*Excited to share on DaySpring’s (in)courage blog today:
As I watched them play on the driveway, I longed for an ounce of their energy. Five kids were playing chase. Two were playing basketball. It was a beautiful day, and I could hear their laughter from the other side of the window. I should’ve felt joy at the scene before me, but what I really felt was exhausted, depleted. I was running on fumes and clinging to my third cup of coffee.
For years, I operated like this, drinking lots of caffeine but pouring from an empty cup. Somewhere I bought into the narrative that it was my job as a Christian woman, mom, and wife to pour out and then pour out some more. Serve others. Put them first. Sacrifice and sacrifice some more. These are the ways of Jesus.
It took me many years and many tear-soaked conversations with God to finally realize that His command is to love others, but to love them as myself. While I was following the first half of that sentence, I was skipping over the second half. I was forgetting that I had to care for myself well in order to care for others well.

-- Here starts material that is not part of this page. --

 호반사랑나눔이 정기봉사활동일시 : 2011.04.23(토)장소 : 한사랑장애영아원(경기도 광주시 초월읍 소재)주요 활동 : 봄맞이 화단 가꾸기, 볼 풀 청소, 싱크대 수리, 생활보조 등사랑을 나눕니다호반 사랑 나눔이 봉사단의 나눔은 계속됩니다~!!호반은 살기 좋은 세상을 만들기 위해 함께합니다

Soul care and nourishment are not good ideas or luxuries. I have learned they are necessary if I am going to live out the ways of Jesus. Love and grace have to come in before they can spill it out.

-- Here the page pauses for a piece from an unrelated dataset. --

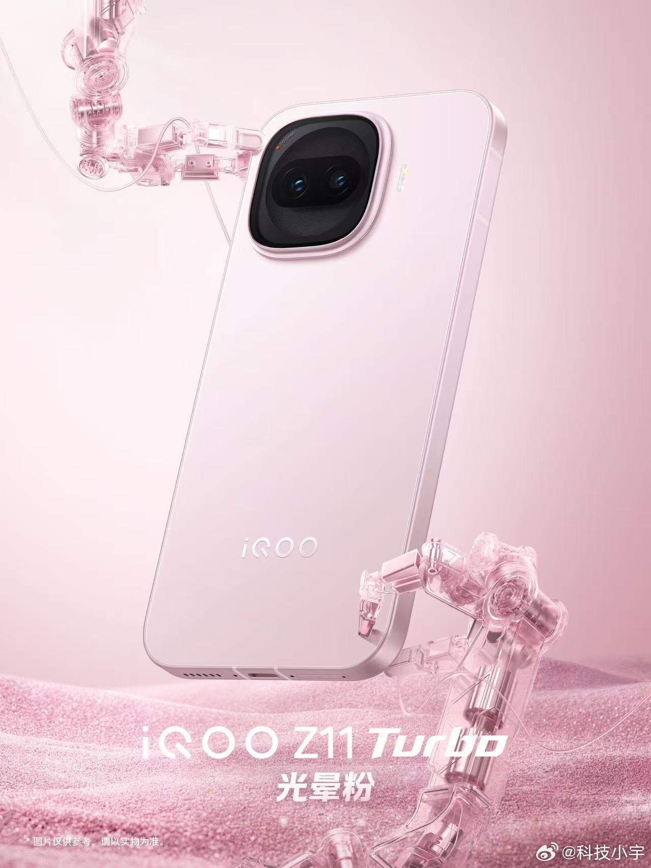 iQOO Z11 Turbo高颜值、有质感、好手感!四款配色:「沧浪浮光」、「光晕粉」、「天光白」、「极夜黑」; 旗舰质感:旗舰同款高强度航空级铝合金金属中框,后盖玻璃细腻舒适,「极夜黑」为玻纤后盖,大R角设计,精致又耐看;IP68/IP69防尘防水; 舒适握持:6.59英寸黄金中屏,74.42mm宽度,手感爆表;点睛设计:缓坡Deco以金属勾勒方圆形状,打造“机器之眼”的悬浮感。

What’s interesting, though, is that when we think about nourishing our souls, we usually think the answer is consumption. An empty cup needs to be filled, so we consume. We do Bible studies, read devotions, and listen to podcasts and sermons. All of that is good and necessary, of course, but what those years of depletion and exhaustion taught me was that the real reason I was tired was that I was trying to carry too much. My hands were full and holding too tightly to a world I was trying to control. Clenched hands are not a posture of receiving anything, including God’s grace.
So, for me, soul care starts with surrender. This means literally laying my worries at the foot of the cross. Sometimes, I name them one by one. Sometimes I lay them down in a jumbled mess that can’t be put into words. Either way, the process is never as easy as it should be.